▶ [Exercise instructions]: Retype the listing exactly, minus its pictures.

▶ [Source material]:

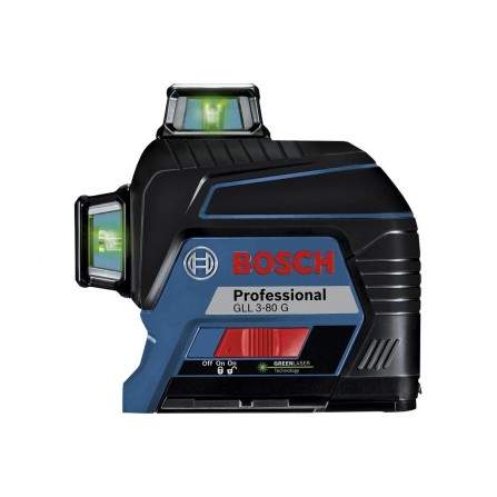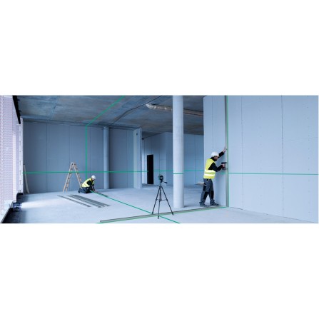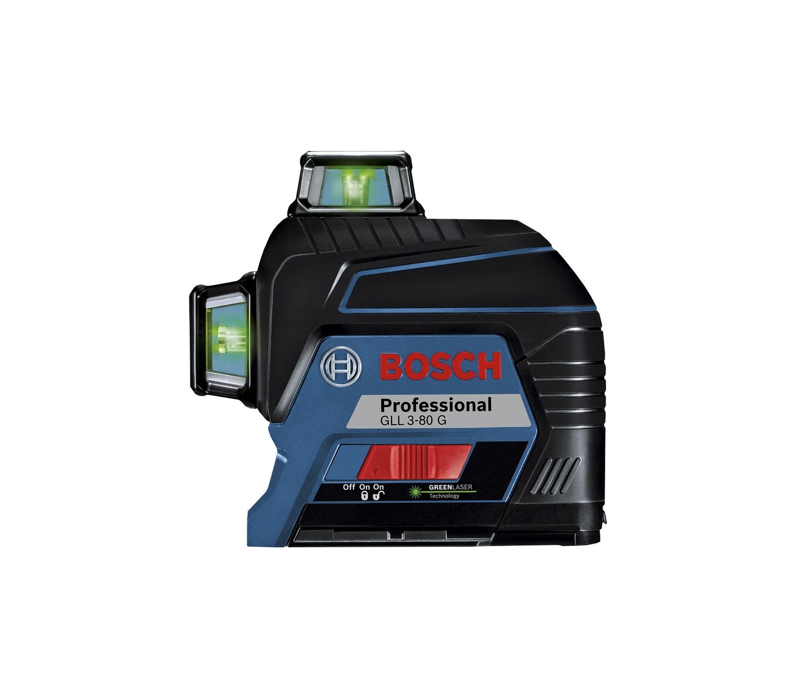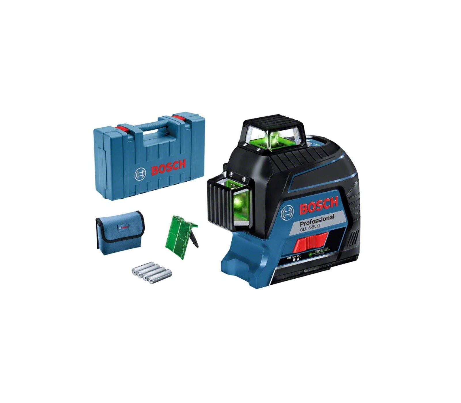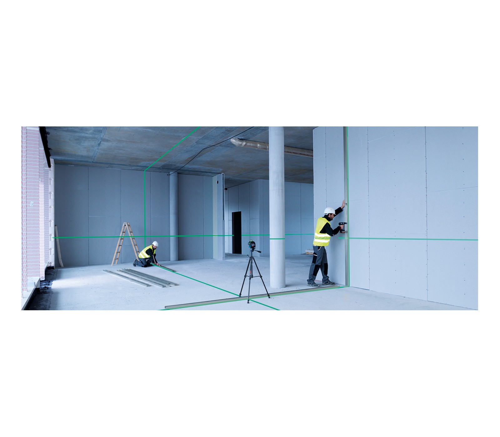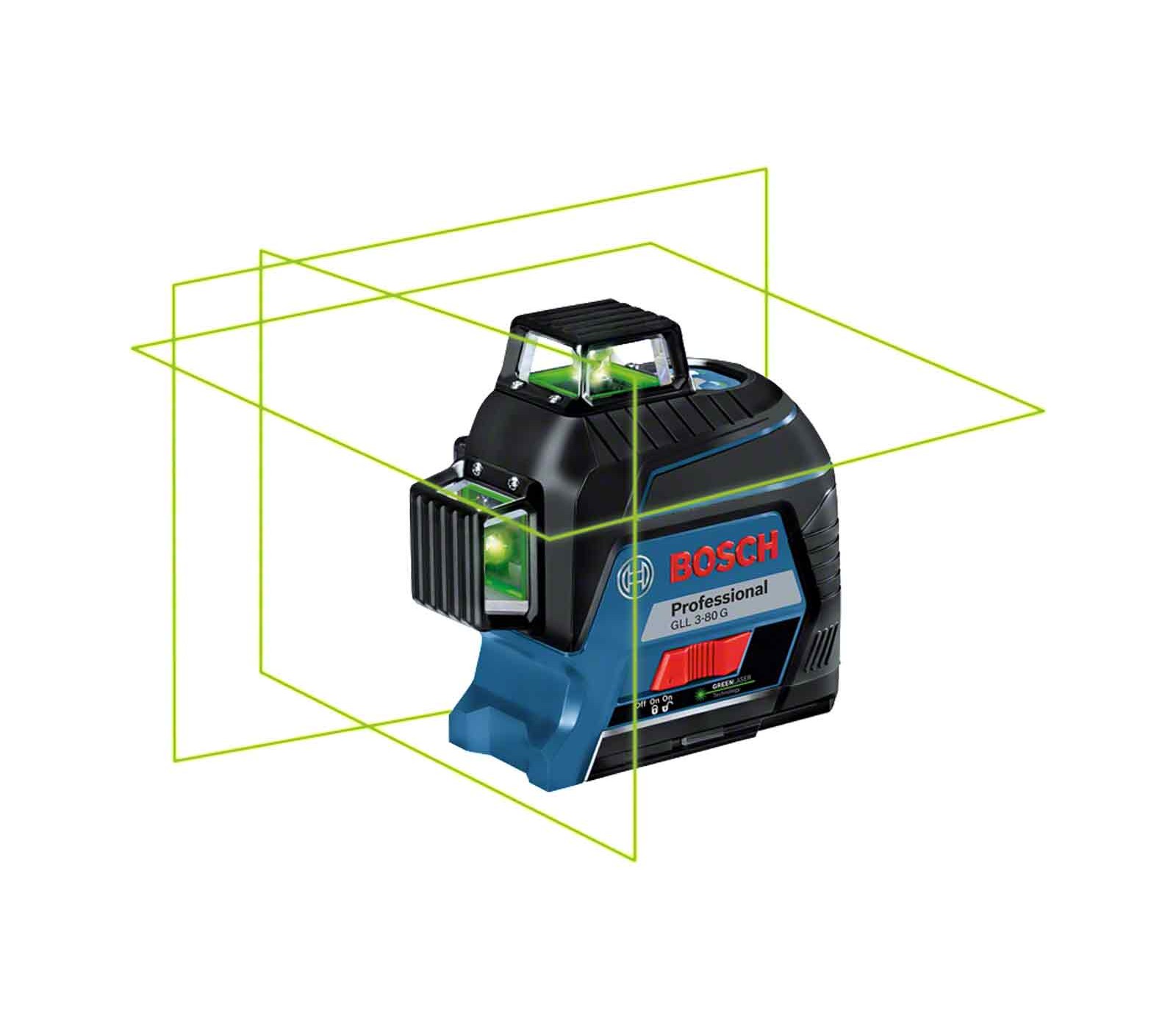 De Bosch GLL 3-80 G projecteert 3 x 360° heldergroene lijnen die vier keer beter zichtbaar zijn dan rode. Perfect voor horizontale en verticale nivellering door de hele kamer. Zelfnivellerend in 4 sec. (±4°), nauwkeurigheid ±0,3 mm/m, bereik tot 120 m met ontvanger. Eenvoudige bediening en robuust ontwerp.
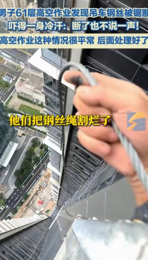 吓出一身冷汗!广东东莞,男子在61层高空作业,忙了半天一低头,突然发现不对劲儿,那根碗口粗的钢丝绳,不知道被谁给锯断了!   广东东莞的一栋摩天大楼里,61层的高空作业平台外,城市的车流在脚下化作模糊的线条,一名男子正准备开展施工作业。   俯身检查安全设备的瞬间,他的目光被悬挂身体的钢丝绳牢牢锁住——那根碗口粗的钢丝赫然出现一道狰狞的锯痕,大半已然断裂,断口锈迹斑斑,仅靠少量残留钢丝和一颗螺丝勉强卡住,维持着摇摇欲坠的承重状态。   这一幕让男子瞬间浑身发紧,腿肚子发软,扶着护栏好一会儿才缓过神,后背早已被冷汗浸透。   61层的高度,意味着一旦钢丝绳彻底断裂,坠落的瞬间连反应的机会都没有,后果不堪设想。   他强压着慌乱,用略微颤抖的手拍下现场视频,既为留存证据,也为记录下这致命的隐患。   男子并非气愤钢丝绳本身断裂,让他难以接受的是这种“图省事不管死活”的处理方式——明知钢丝已断,却用一颗螺丝临时糊弄,完全是拿高空作业者的生命当儿戏。   万幸的是,他在作业前及时发现了问题,没有带着隐患登上吊篮,才逃过一劫。   事件发生后,项目负责人迅速赶到现场,当即下令停工,更换了全新的钢丝绳,还专门调配安检员对所有设备进行全面彻查;   经历过这场惊魂,他特意提醒同行,上吊篮前一定要仔细检查安全设备,不能有丝毫马虎。   关于钢丝绳断裂的原因,外界有着不同的猜测。   不少人根据“被锯断”的痕迹,怀疑存在蓄意破坏的可能,毕竟过往曾有因邻里矛盾误割安全绳导致工人坠落的案例,若此次破坏属实,肇事者或将涉嫌以危险方法危害公共安全罪,面临法律的严厉追责。   但结合高空作业安全规范分析,也存在另一种可能性:钢丝绳长期使用后磨损严重,却未得到及时检修更换,或是存在规格不符、违规操作等问题,最终形成了断裂隐患。   无论是人为破坏的恶意,还是检修缺位的疏忽,本质上都是对生命的漠视。   高空作业本就伴随着极高的风险,每一项设备、每一个操作细节都关乎生死,容不得半点“差不多”的妥协。   网友们在了解事件后,纷纷表达了后怕之情,谴责这种置他人安危于不顾的行为,更呼吁安全监管不能流于表面,必须落到实处。   男子的遭遇并非个例,他后续曾提到“这种情况很正常”,短短五个字背后,是高空从业者不得不与危险相伴的无奈,是用生命博弈的行业隐痛。   但安全从来不是“习惯就好”的妥协,那根悬在61层高空的钢丝绳,承载的不仅是作业人员的体重,更是一个个家庭的期盼。   最终,这场惊魂事件在及时处置后没有酿成悲剧,但它留下的警示却格外沉重。   无论是作业人员岗前的仔细检查,还是项目方定期的设备检修,亦或是对潜在危险行为的追责,每一环都不能缺位。   希望这根被“糊弄”的钢丝,能真正唤醒各方的安全意识,让每一位高空作业者都能在扎实的安全保障下,安心工作,平安归家。   今天的分享到这里就结束了,大家对此事有何看法,欢迎在评论区留言和讨论,感兴趣的可以点击头像加关注,我将每日更新优质内容,我们下期见。
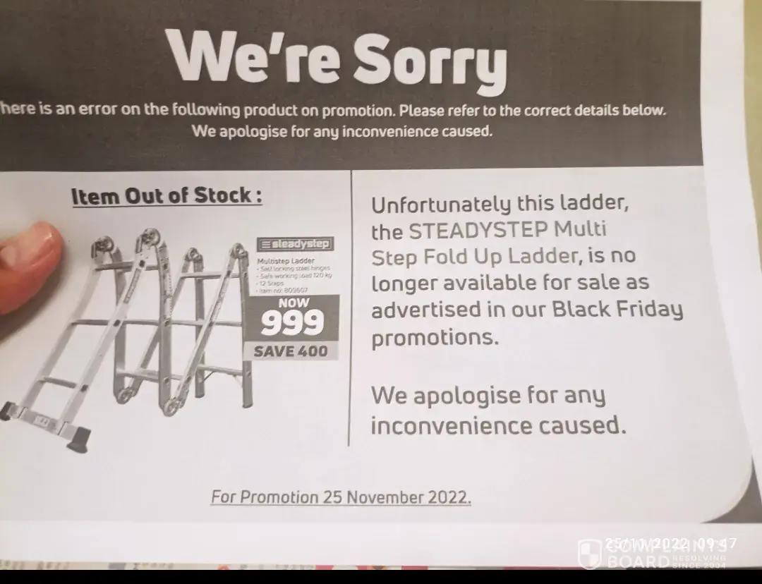 This is a complaint regarding the attached multi step ladder advertised on Black Friday for R 999 item number 809607.

▶ [Response to this task]:
 De Bosch GLL 3-80 G projecteert 3 x 360° heldergroene lijnen die vier keer beter zichtbaar zijn dan rode. Perfect voor horizontale en verticale nivellering door de hele kamer. Zelfnivellerend in 4 sec. (±4°), nauwkeurigheid ±0,3 mm/m, bereik tot 120 m met ontvanger. Eenvoudige bediening en robuust ontwerp.
 吓出一身冷汗!广东东莞,男子在61层高空作业,忙了半天一低头,突然发现不对劲儿,那根碗口粗的钢丝绳,不知道被谁给锯断了!   广东东莞的一栋摩天大楼里,61层的高空作业平台外,城市的车流在脚下化作模糊的线条,一名男子正准备开展施工作业。   俯身检查安全设备的瞬间,他的目光被悬挂身体的钢丝绳牢牢锁住——那根碗口粗的钢丝赫然出现一道狰狞的锯痕,大半已然断裂,断口锈迹斑斑,仅靠少量残留钢丝和一颗螺丝勉强卡住,维持着摇摇欲坠的承重状态。   这一幕让男子瞬间浑身发紧,腿肚子发软,扶着护栏好一会儿才缓过神,后背早已被冷汗浸透。   61层的高度,意味着一旦钢丝绳彻底断裂,坠落的瞬间连反应的机会都没有,后果不堪设想。   他强压着慌乱,用略微颤抖的手拍下现场视频,既为留存证据,也为记录下这致命的隐患。   男子并非气愤钢丝绳本身断裂,让他难以接受的是这种“图省事不管死活”的处理方式——明知钢丝已断,却用一颗螺丝临时糊弄,完全是拿高空作业者的生命当儿戏。   万幸的是,他在作业前及时发现了问题,没有带着隐患登上吊篮,才逃过一劫。   事件发生后,项目负责人迅速赶到现场,当即下令停工,更换了全新的钢丝绳,还专门调配安检员对所有设备进行全面彻查;   经历过这场惊魂,他特意提醒同行,上吊篮前一定要仔细检查安全设备,不能有丝毫马虎。   关于钢丝绳断裂的原因,外界有着不同的猜测。   不少人根据“被锯断”的痕迹,怀疑存在蓄意破坏的可能,毕竟过往曾有因邻里矛盾误割安全绳导致工人坠落的案例,若此次破坏属实,肇事者或将涉嫌以危险方法危害公共安全罪,面临法律的严厉追责。   但结合高空作业安全规范分析,也存在另一种可能性:钢丝绳长期使用后磨损严重,却未得到及时检修更换,或是存在规格不符、违规操作等问题,最终形成了断裂隐患。   无论是人为破坏的恶意,还是检修缺位的疏忽,本质上都是对生命的漠视。   高空作业本就伴随着极高的风险,每一项设备、每一个操作细节都关乎生死,容不得半点“差不多”的妥协。   网友们在了解事件后,纷纷表达了后怕之情,谴责这种置他人安危于不顾的行为,更呼吁安全监管不能流于表面,必须落到实处。   男子的遭遇并非个例,他后续曾提到“这种情况很正常”,短短五个字背后,是高空从业者不得不与危险相伴的无奈,是用生命博弈的行业隐痛。   但安全从来不是“习惯就好”的妥协,那根悬在61层高空的钢丝绳,承载的不仅是作业人员的体重,更是一个个家庭的期盼。   最终,这场惊魂事件在及时处置后没有酿成悲剧,但它留下的警示却格外沉重。   无论是作业人员岗前的仔细检查,还是项目方定期的设备检修,亦或是对潜在危险行为的追责,每一环都不能缺位。   希望这根被“糊弄”的钢丝,能真正唤醒各方的安全意识,让每一位高空作业者都能在扎实的安全保障下,安心工作,平安归家。   今天的分享到这里就结束了,大家对此事有何看法,欢迎在评论区留言和讨论,感兴趣的可以点击头像加关注,我将每日更新优质内容,我们下期见。
 This is a complaint regarding the attached multi step ladder advertised on Black Friday for R 999 item number 809607.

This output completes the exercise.